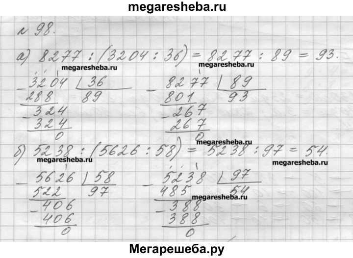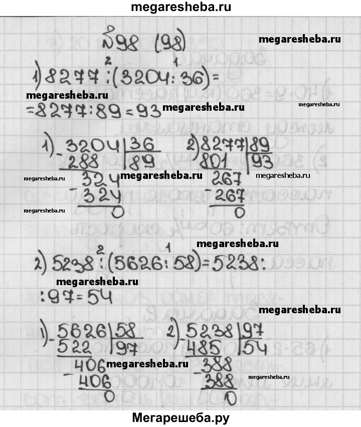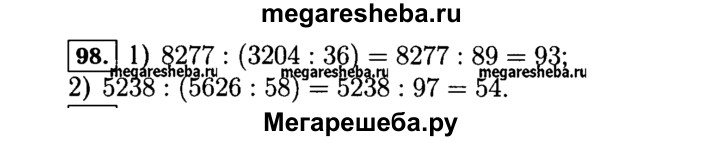 98. Выполните действия: 1) 8277 : (3204 : 36); 2) 5238 : (5626 : 58).
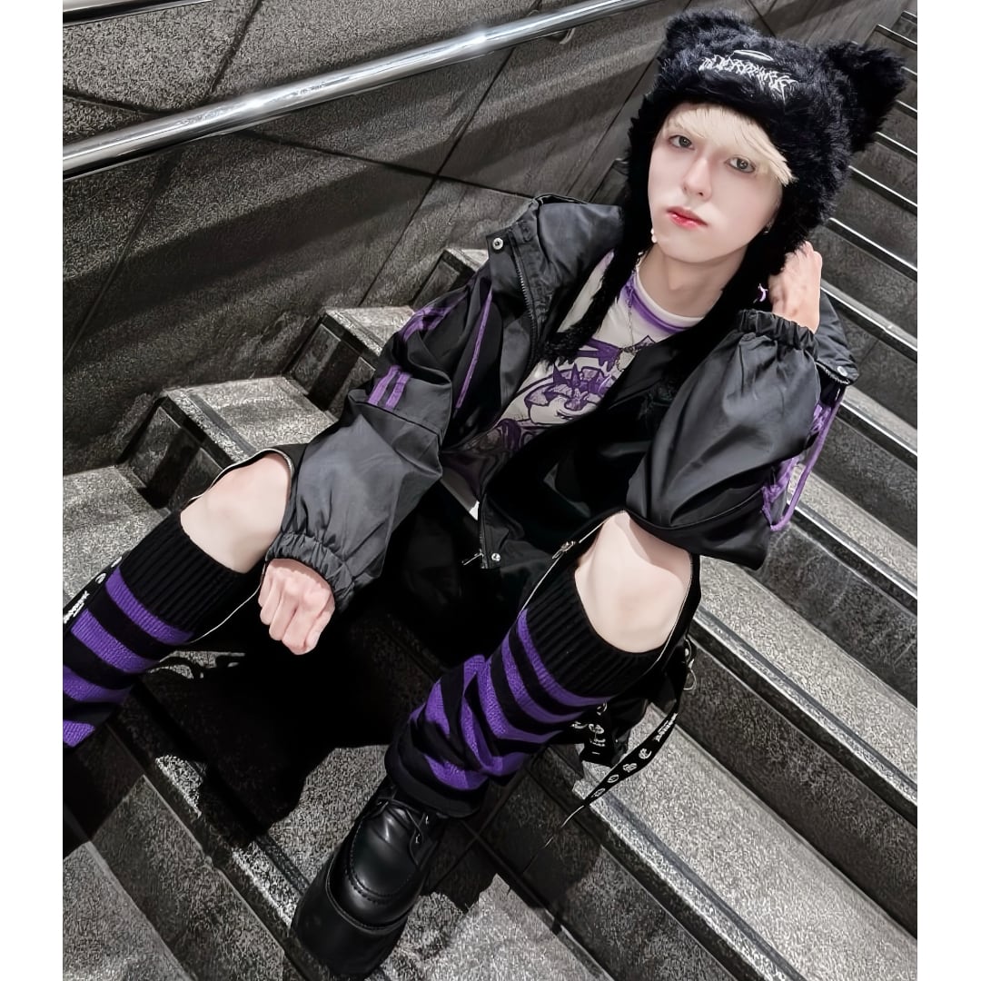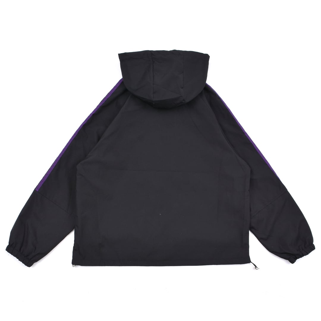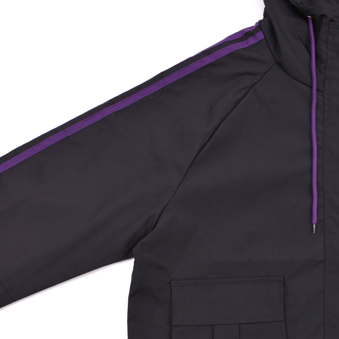 フードのスピンドルや袖の2ラインなど、散りばめたパープルカラーが◎
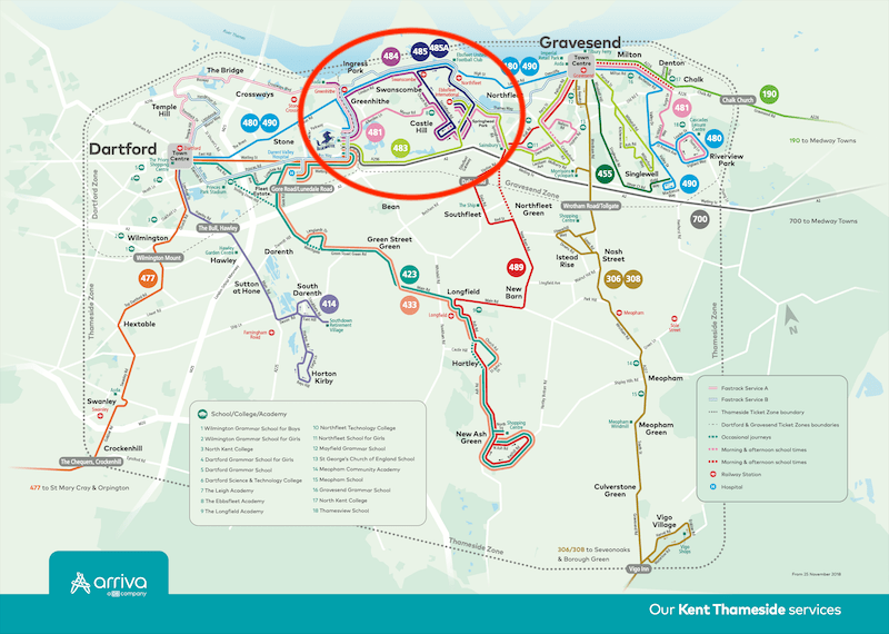 Until Monday the residential development in Ebbsfleet Valley had been served by daytime route 484 operated by Arriva between Bluewater, Greenhithe and Ebbsfleet on a rather unmemorable 65 minute frequency during the day with morning peak and evening journeys as route 485/A on a circular route around the residential estate (clockwise and anti-clockwise) to Ebbsfleet and Swanscombe stations on a 17 and 28 minute frequency – yes, I know, hopeless.
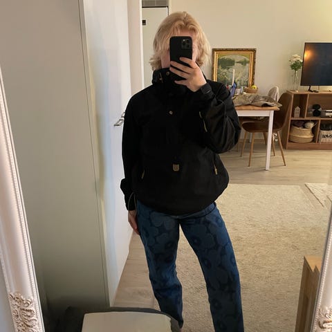 Vanha ja kulunut mutta ehjä. Retkeilyvaatteille tyypillistä puuvillapolyesterisekoitekangasta. Ohut, pakkautuu pieneen tilaan.
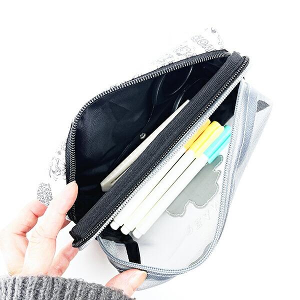 ベースボールデザインがおしゃれなポーチ。表面はメッシュ、裏面は透けない素材になっています。2つのポケットをうまく使えば小物が迷子になりません◎ペンケースにも◎
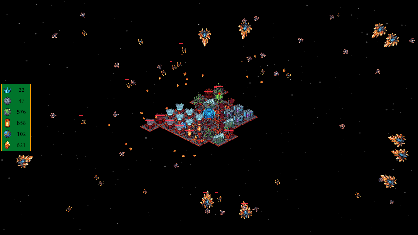 A survival game where you build up a base, upgrade structures, jump to hostile galaxies, fend off waves of enemies and loop back stronger. It's a Prototype - core loop works, but expect rough edges
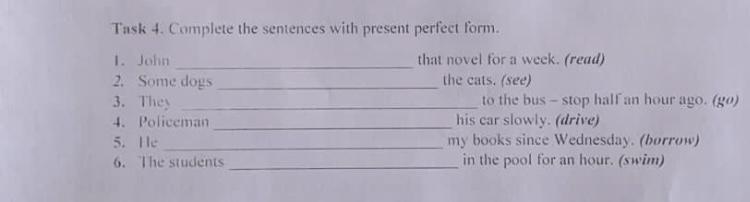 Ответ:1 has read 2 have seen 3 have gone 4 has drived 5 has borrowed 6 have swum
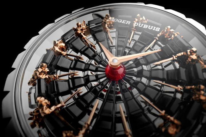 让人陶醉的不只有表壳,手表的面盘也是充满可看性,为了诠释圆桌骑士这个主题,罗杰杜彼再次采用立体化设计面盘,看起来呈同心圆放射状的面盘结合深灰色珐瑯、白金和慕拉诺玻璃(Murano Glass)等材质,其中慕拉诺玻璃用来制作面盘轴心的红色拱形,藉以象征圆桌这个中心点。而在面盘外围还分别矗立著12尊精致的玫瑰金骑士金雕,它们高度仅7mm,体积相当细小,不过罗杰杜彼仍能在这么小的体积上以手工加以雕琢、镌刻和精修,这点若靠近细赏面盘更能体会,每尊骑士金雕不只做为装饰,同时也兼具时标的辅助显时效果。
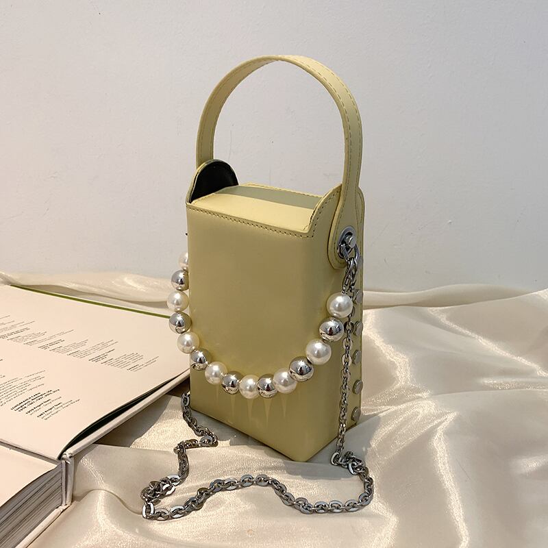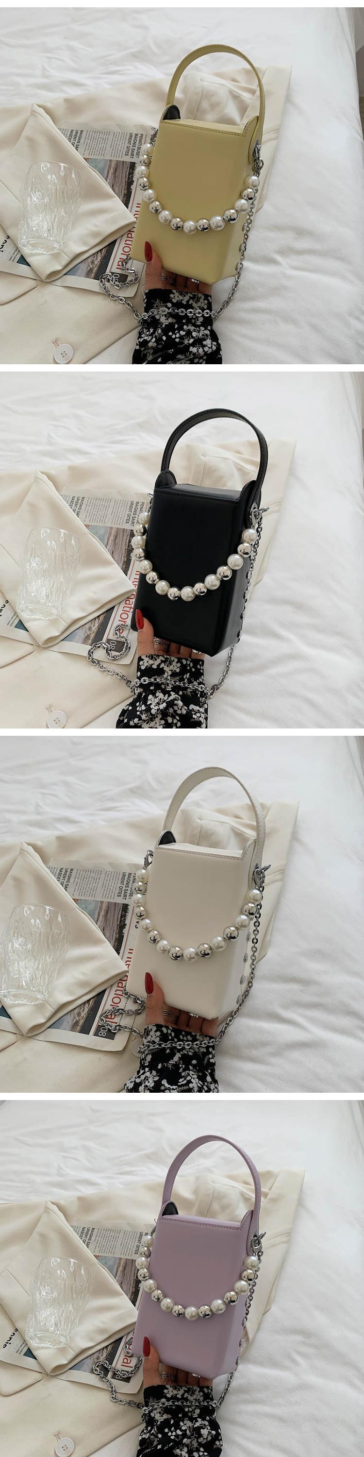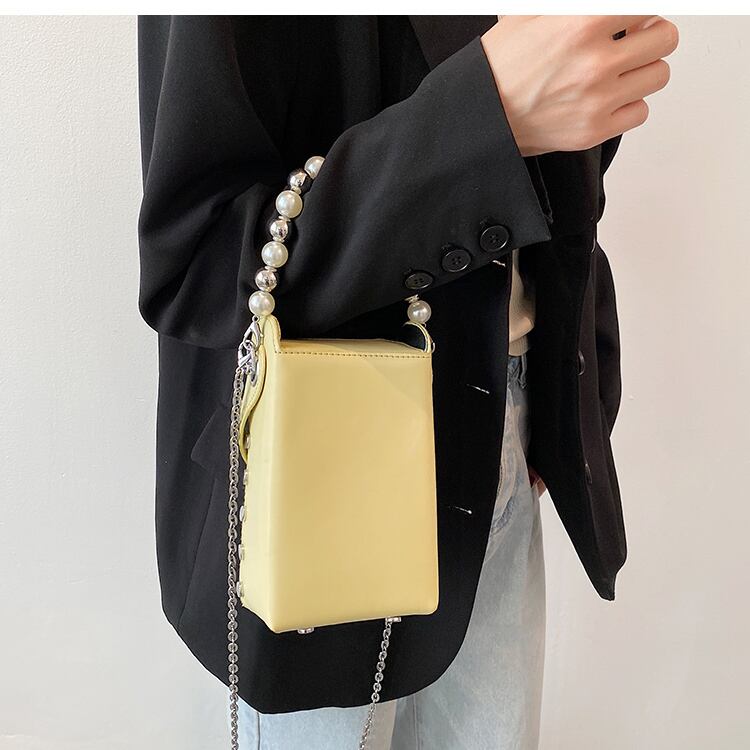 サマーパールチェーン 夏物 真珠 スクウェア 手作りハンドバック56674830908
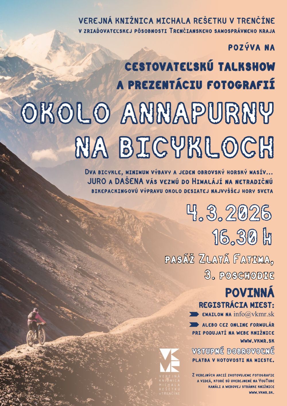 V cestovateľskej talkshow spojenej s prezentáciou fotografií vás JURO a DAŠENA vezmú do Himalájí na netradičnú bikepackingovú výpravu okolo Annapurny 8 091 m n. m – desiatej najvyššej hory sveta.
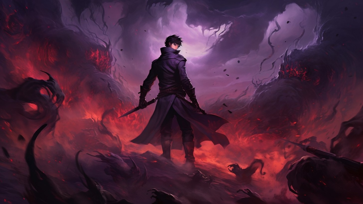 Создано на основе запроса: Sung Jin-Woo from solo leveling anime leading shadow army, soldiers emerging from darkness, high-detail anime illustration, swirling mist, dramatic lighting, fantasy battlefield, epic pose, dark purple and black tones --- Автоперевод: Sang Jin-Woo из сольного выравнивания аниме, ведущая теневая армия, солдаты, выходящие из тьмы, аниме-иллюстрации с высоким содержанием аниме, кружащий туман, драматическое освещение, фэнтезийное поле битвы, эпическая поза, темные фиолетовые и черные тона Как тебе такая картинка? 🤔 https://dzen.ru/id/65c0c65c86e4f837c27b24d7 #ИИ #AI #нейросеть #midjourney #art
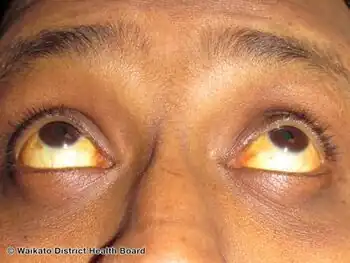 Presenting symptoms include fever, tiredness, nausea, vomiting, stomach ache, joint pains and jaundice.[1] The urine may look dark and stool may appear a clay-color.[1]
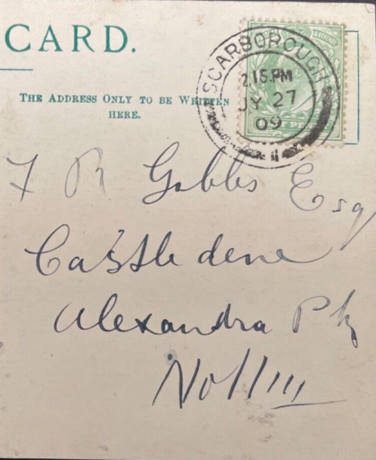 Frederick Richard Gibbs was a well know Nottingham clock and watch maker – see here. By 1911 the Gibbs Family had moved to ‘Castledene’. He and his wife a son called Frederick William, who was born in 1909, so he is not the ‘Will’ that sent the postcard.
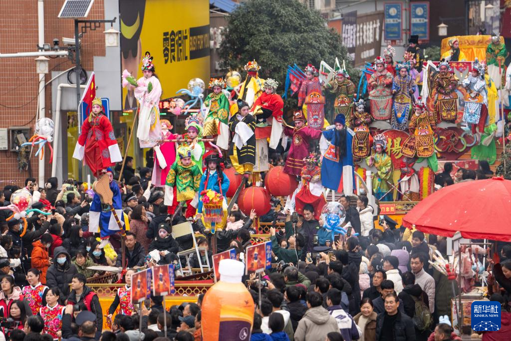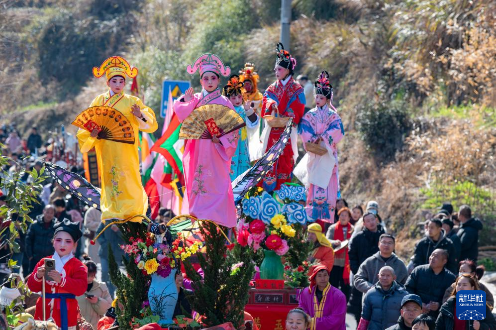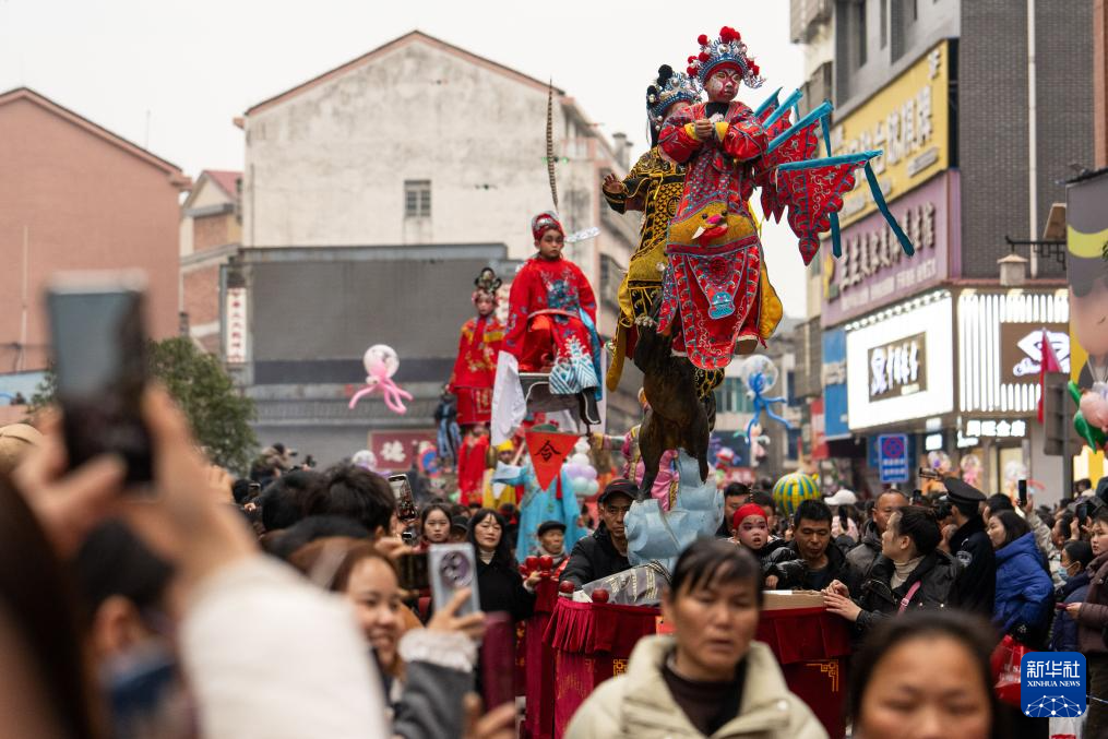 2月11日,在湖南省汨羅市長樂鎮(zhèn),人們參加抬閣故事會?!伴L樂抬閣故事會”是長樂鎮(zhèn)當?shù)匾豁梻鞒星甑脑?jié)民俗活動,2011年入選國家級非物質(zhì)文化遺產(chǎn)擴展項目名錄。
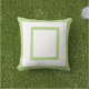 Outdoor throw pillow is shown in a modern lime green and white design.
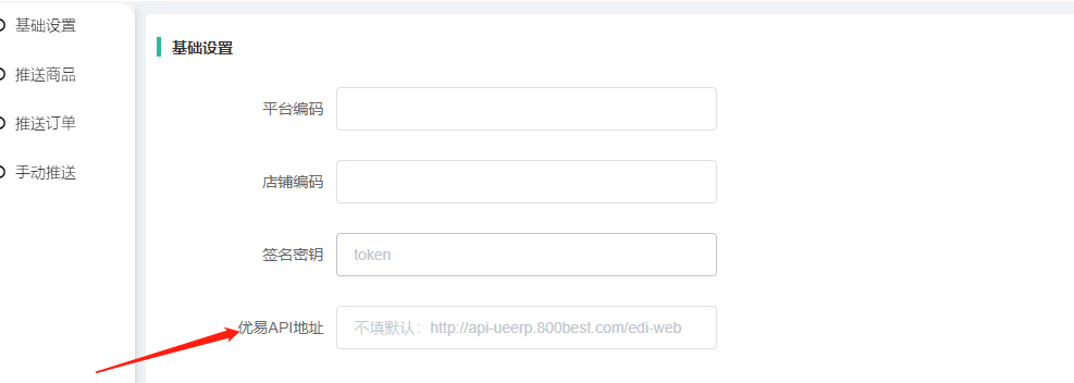技术有处理在插件基础设置添加了一个手动设置的栏,如果不确定使用的是哪个api地址可以和优易客服核实一下,填写对应的在后台优易API地址处即可,之后再留意看下商品是否有推送成功同步显示在优易后台

WORK TO COMPLETE: The response is to contain exactly the lines from the beginning of the data through the line containing "サマーパールチェーン 夏物 真珠 スクウェア 手作りハンドバック56674830908", both ends included, and nothing else; omit the pictures.

TASK OUTPUT:
 98. Выполните действия: 1) 8277 : (3204 : 36); 2) 5238 : (5626 : 58).
 フードのスピンドルや袖の2ラインなど、散りばめたパープルカラーが◎
 Until Monday the residential development in Ebbsfleet Valley had been served by daytime route 484 operated by Arriva between Bluewater, Greenhithe and Ebbsfleet on a rather unmemorable 65 minute frequency during the day with morning peak and evening journeys as route 485/A on a circular route around the residential estate (clockwise and anti-clockwise) to Ebbsfleet and Swanscombe stations on a 17 and 28 minute frequency – yes, I know, hopeless.
 Vanha ja kulunut mutta ehjä. Retkeilyvaatteille tyypillistä puuvillapolyesterisekoitekangasta. Ohut, pakkautuu pieneen tilaan.
 ベースボールデザインがおしゃれなポーチ。表面はメッシュ、裏面は透けない素材になっています。2つのポケットをうまく使えば小物が迷子になりません◎ペンケースにも◎
 A survival game where you build up a base, upgrade structures, jump to hostile galaxies, fend off waves of enemies and loop back stronger. It's a Prototype - core loop works, but expect rough edges
 Ответ:1 has read 2 have seen 3 have gone 4 has drived 5 has borrowed 6 have swum
 让人陶醉的不只有表壳,手表的面盘也是充满可看性,为了诠释圆桌骑士这个主题,罗杰杜彼再次采用立体化设计面盘,看起来呈同心圆放射状的面盘结合深灰色珐瑯、白金和慕拉诺玻璃(Murano Glass)等材质,其中慕拉诺玻璃用来制作面盘轴心的红色拱形,藉以象征圆桌这个中心点。而在面盘外围还分别矗立著12尊精致的玫瑰金骑士金雕,它们高度仅7mm,体积相当细小,不过罗杰杜彼仍能在这么小的体积上以手工加以雕琢、镌刻和精修,这点若靠近细赏面盘更能体会,每尊骑士金雕不只做为装饰,同时也兼具时标的辅助显时效果。
 サマーパールチェーン 夏物 真珠 スクウェア 手作りハンドバック56674830908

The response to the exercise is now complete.